▶ _INFORMATION GIVEN_:
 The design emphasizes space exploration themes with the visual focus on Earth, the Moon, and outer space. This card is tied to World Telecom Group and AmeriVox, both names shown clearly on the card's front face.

---

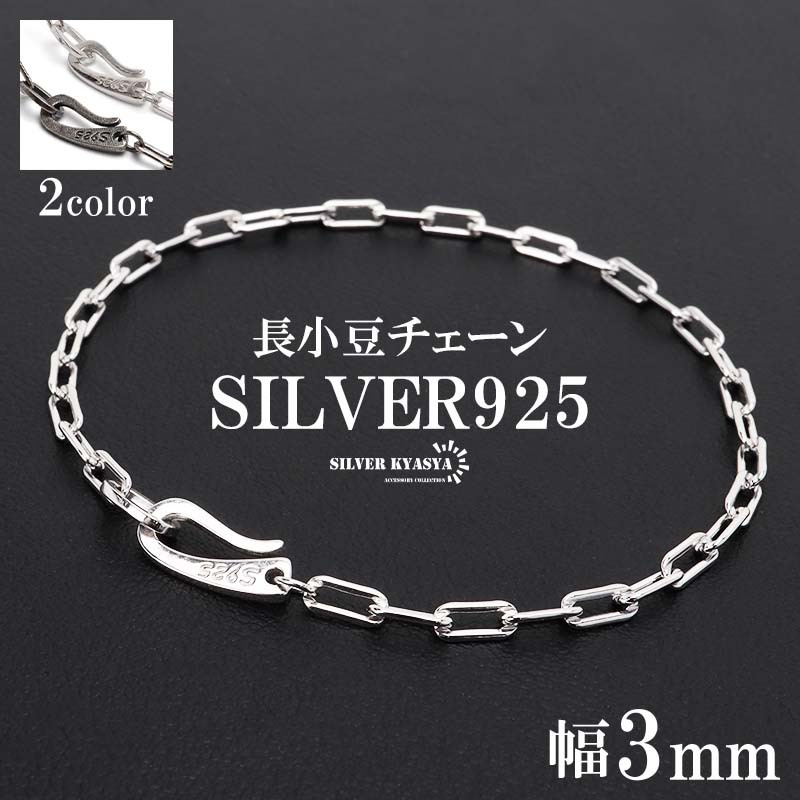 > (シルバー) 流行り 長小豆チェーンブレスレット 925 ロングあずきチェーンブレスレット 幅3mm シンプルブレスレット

==

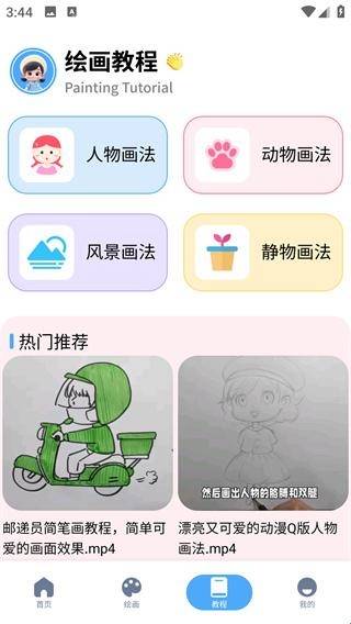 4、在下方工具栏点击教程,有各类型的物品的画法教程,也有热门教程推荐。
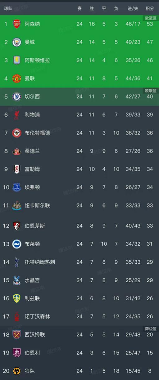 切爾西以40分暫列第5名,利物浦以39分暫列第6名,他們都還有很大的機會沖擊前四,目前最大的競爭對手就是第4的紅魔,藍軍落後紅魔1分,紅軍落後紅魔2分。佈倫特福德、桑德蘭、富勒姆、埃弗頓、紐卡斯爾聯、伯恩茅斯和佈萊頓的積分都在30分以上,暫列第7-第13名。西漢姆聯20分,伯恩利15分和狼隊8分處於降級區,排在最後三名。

▶ _WHAT YOU SHOULD DO_: In the records above, everything from the line with "4、在下方工具栏点击教程,有各类型的物品的画法教程,也有热门教程推荐。" down to the line with "切爾西以40分暫列第5名,利" must be duplicated exactly, both lines kept. Leave no pictures in.

▶ _COMPLETED EXERCISE_:
 4、在下方工具栏点击教程,有各类型的物品的画法教程,也有热门教程推荐。
 切爾西以40分暫列第5名,利物浦以39分暫列第6名,他們都還有很大的機會沖擊前四,目前最大的競爭對手就是第4的紅魔,藍軍落後紅魔1分,紅軍落後紅魔2分。佈倫特福德、桑德蘭、富勒姆、埃弗頓、紐卡斯爾聯、伯恩茅斯和佈萊頓的積分都在30分以上,暫列第7-第13名。西漢姆聯20分,伯恩利15分和狼隊8分處於降級區,排在最後三名。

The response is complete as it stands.